INSTRUCTIONS FOR THE TASK: From the listing below, output the lines between the one with "Définition du mot" and the one with "Plakat z plażą", including those two, and nothing else. Pictures are not copied.

INFORMATION SHOWN:
-.-.-

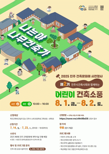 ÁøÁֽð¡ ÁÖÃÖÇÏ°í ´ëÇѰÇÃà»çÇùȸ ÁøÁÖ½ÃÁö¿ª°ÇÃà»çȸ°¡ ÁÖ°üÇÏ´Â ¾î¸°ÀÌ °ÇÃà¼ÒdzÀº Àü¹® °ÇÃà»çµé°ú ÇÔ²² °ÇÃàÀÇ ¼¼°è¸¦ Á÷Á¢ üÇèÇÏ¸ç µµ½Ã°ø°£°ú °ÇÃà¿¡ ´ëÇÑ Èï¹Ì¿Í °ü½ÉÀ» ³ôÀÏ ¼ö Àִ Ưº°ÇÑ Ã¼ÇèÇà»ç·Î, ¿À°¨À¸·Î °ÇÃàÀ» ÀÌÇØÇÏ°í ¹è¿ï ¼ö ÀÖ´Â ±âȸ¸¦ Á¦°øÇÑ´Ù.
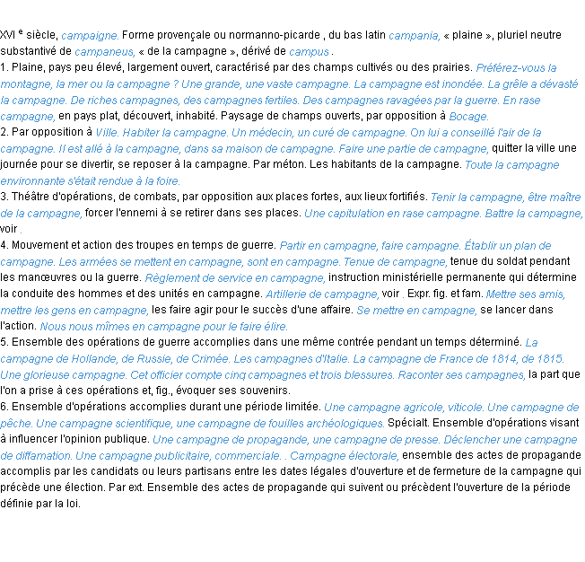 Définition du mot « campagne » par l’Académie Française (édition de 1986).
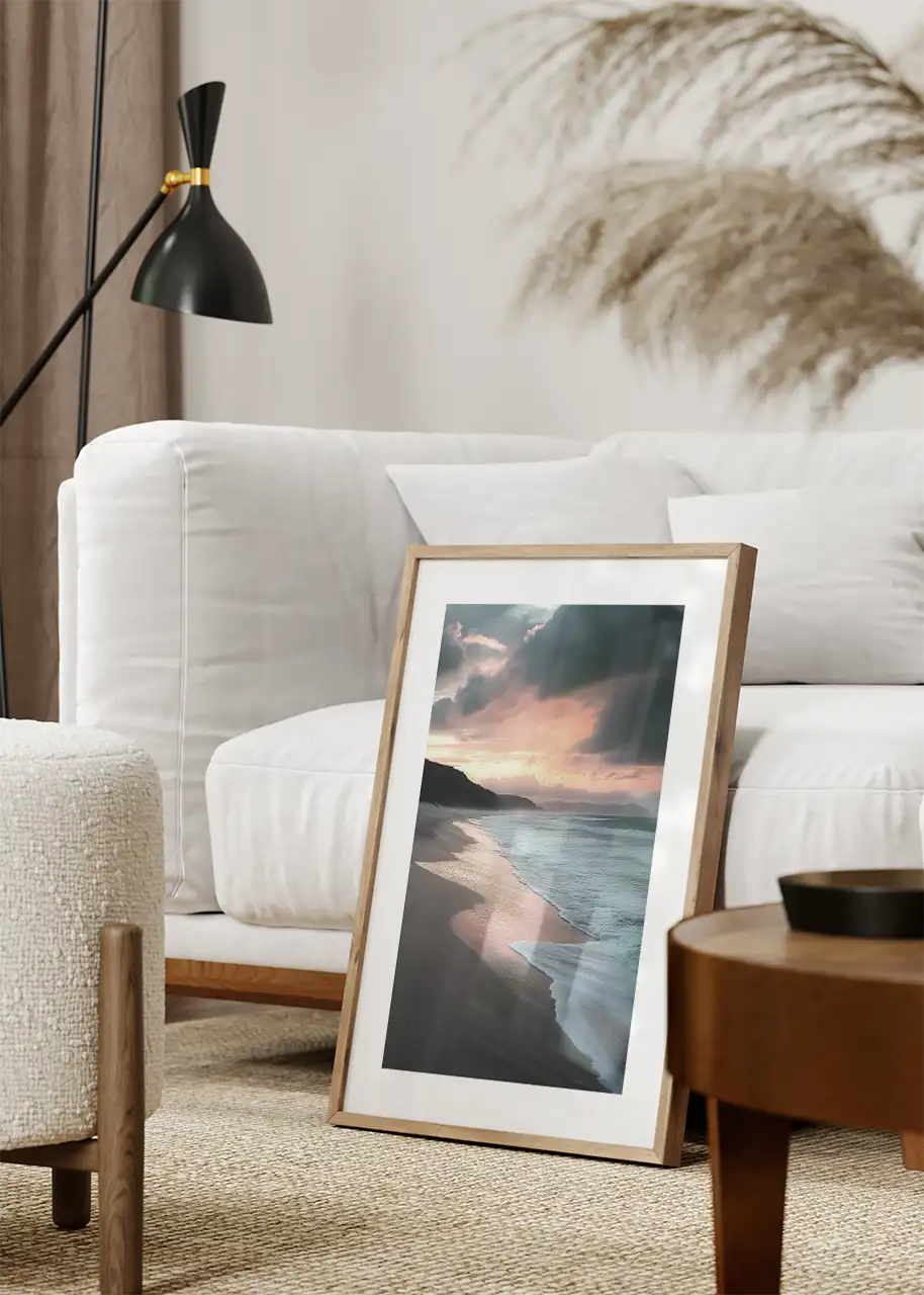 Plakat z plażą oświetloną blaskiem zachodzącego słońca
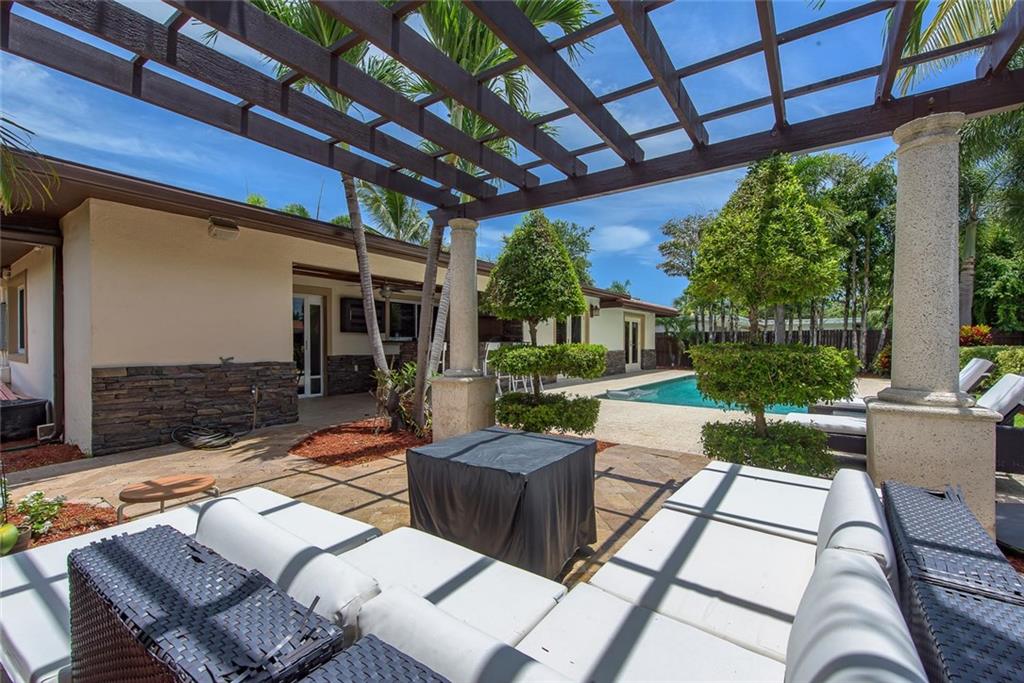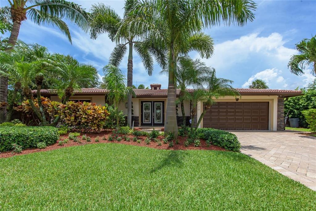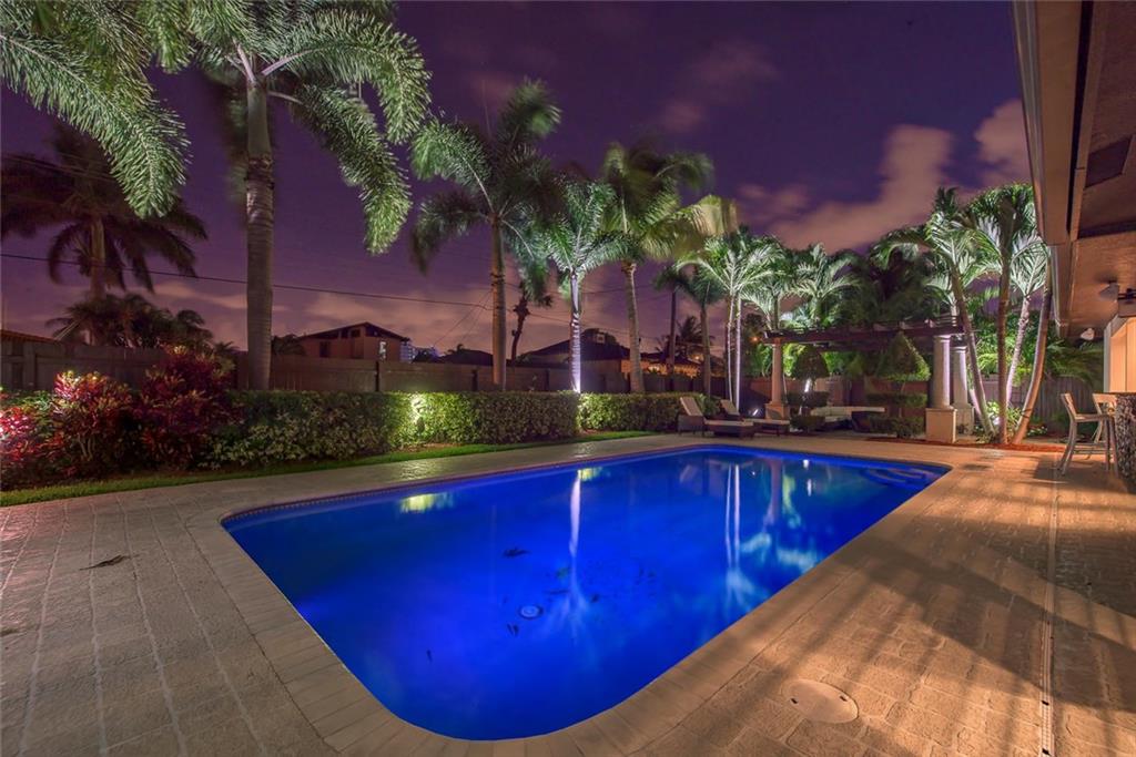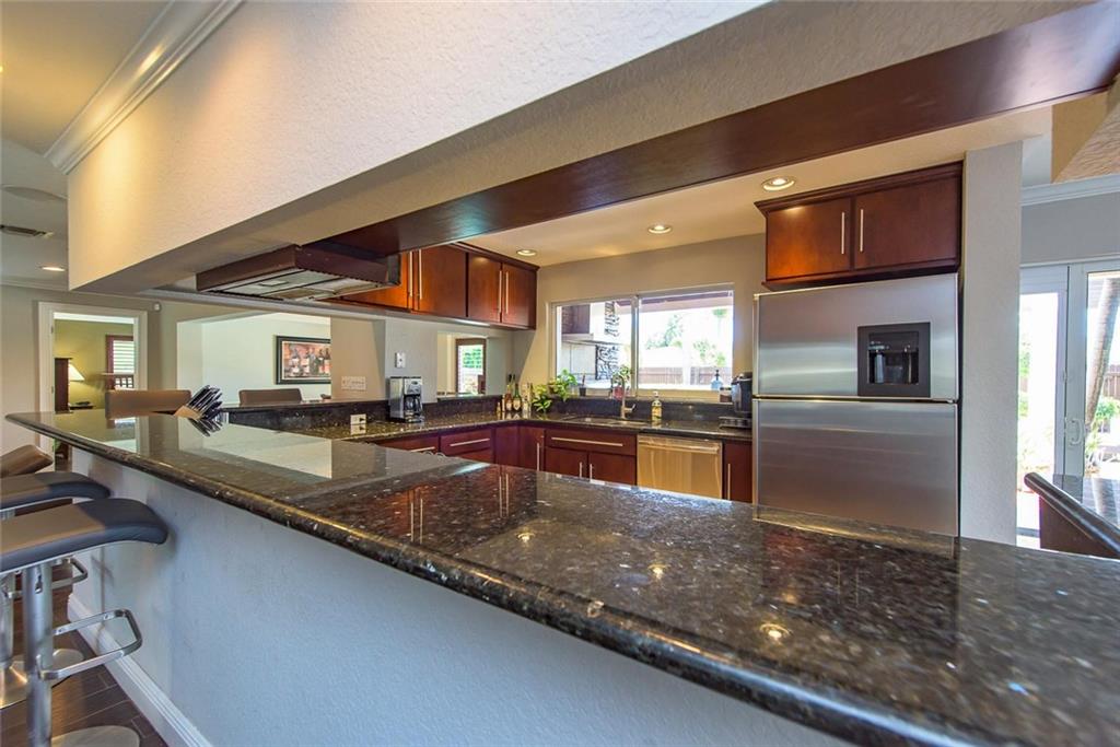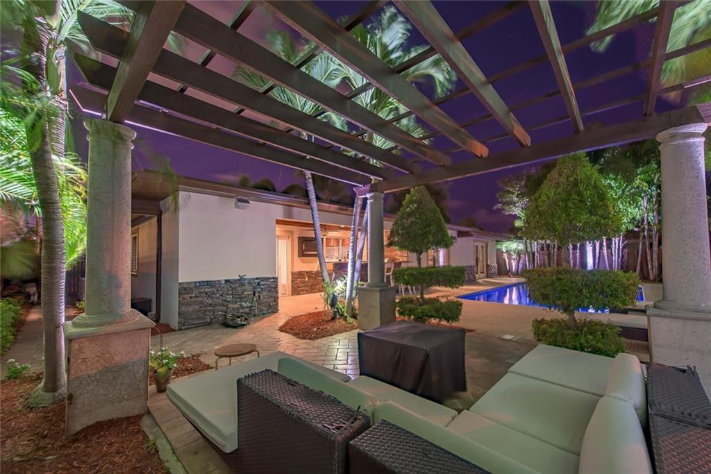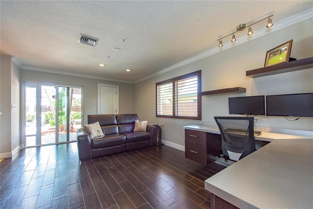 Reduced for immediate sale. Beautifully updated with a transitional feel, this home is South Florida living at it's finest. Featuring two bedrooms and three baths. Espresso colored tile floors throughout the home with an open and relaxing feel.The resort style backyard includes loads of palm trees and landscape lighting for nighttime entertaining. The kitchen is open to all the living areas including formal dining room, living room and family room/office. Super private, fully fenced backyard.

-.-.-

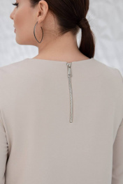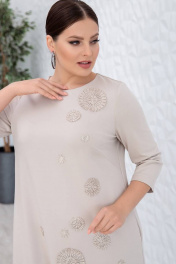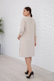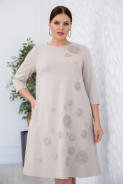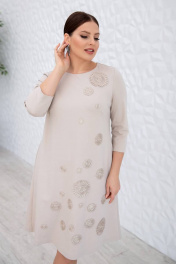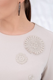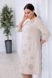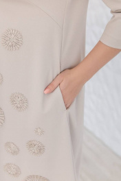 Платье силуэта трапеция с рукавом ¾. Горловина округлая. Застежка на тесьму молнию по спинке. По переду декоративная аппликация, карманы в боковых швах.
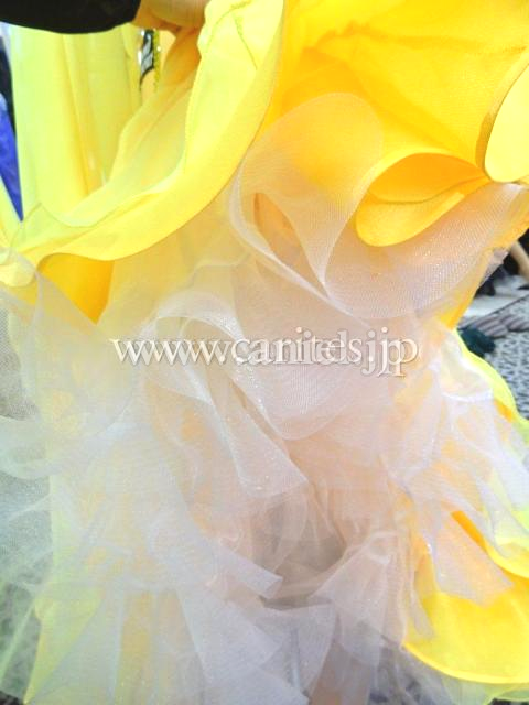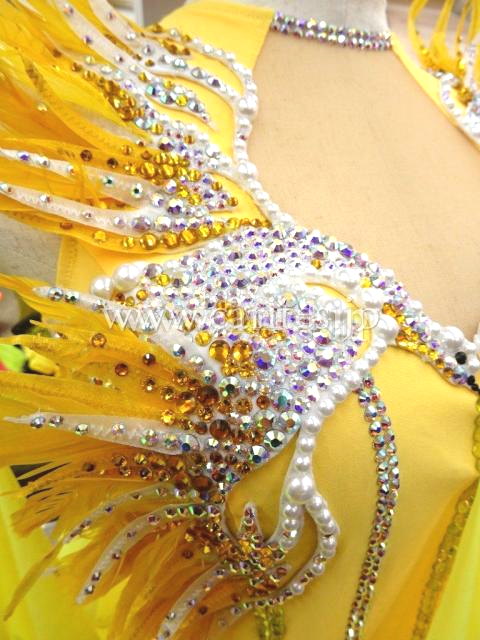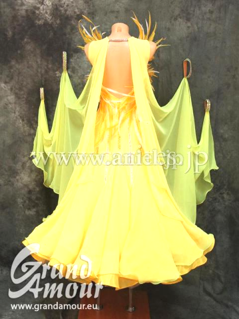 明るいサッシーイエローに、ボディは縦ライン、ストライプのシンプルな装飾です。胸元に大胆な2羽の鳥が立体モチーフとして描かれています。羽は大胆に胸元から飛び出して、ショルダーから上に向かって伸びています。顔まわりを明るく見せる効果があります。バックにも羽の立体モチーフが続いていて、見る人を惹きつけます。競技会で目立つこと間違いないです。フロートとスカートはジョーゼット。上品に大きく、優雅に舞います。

-.-.-

ANSWER TO THE PROBLEM:
 Définition du mot « campagne » par l’Académie Française (édition de 1986).
 Plakat z plażą oświetloną blaskiem zachodzącego słońca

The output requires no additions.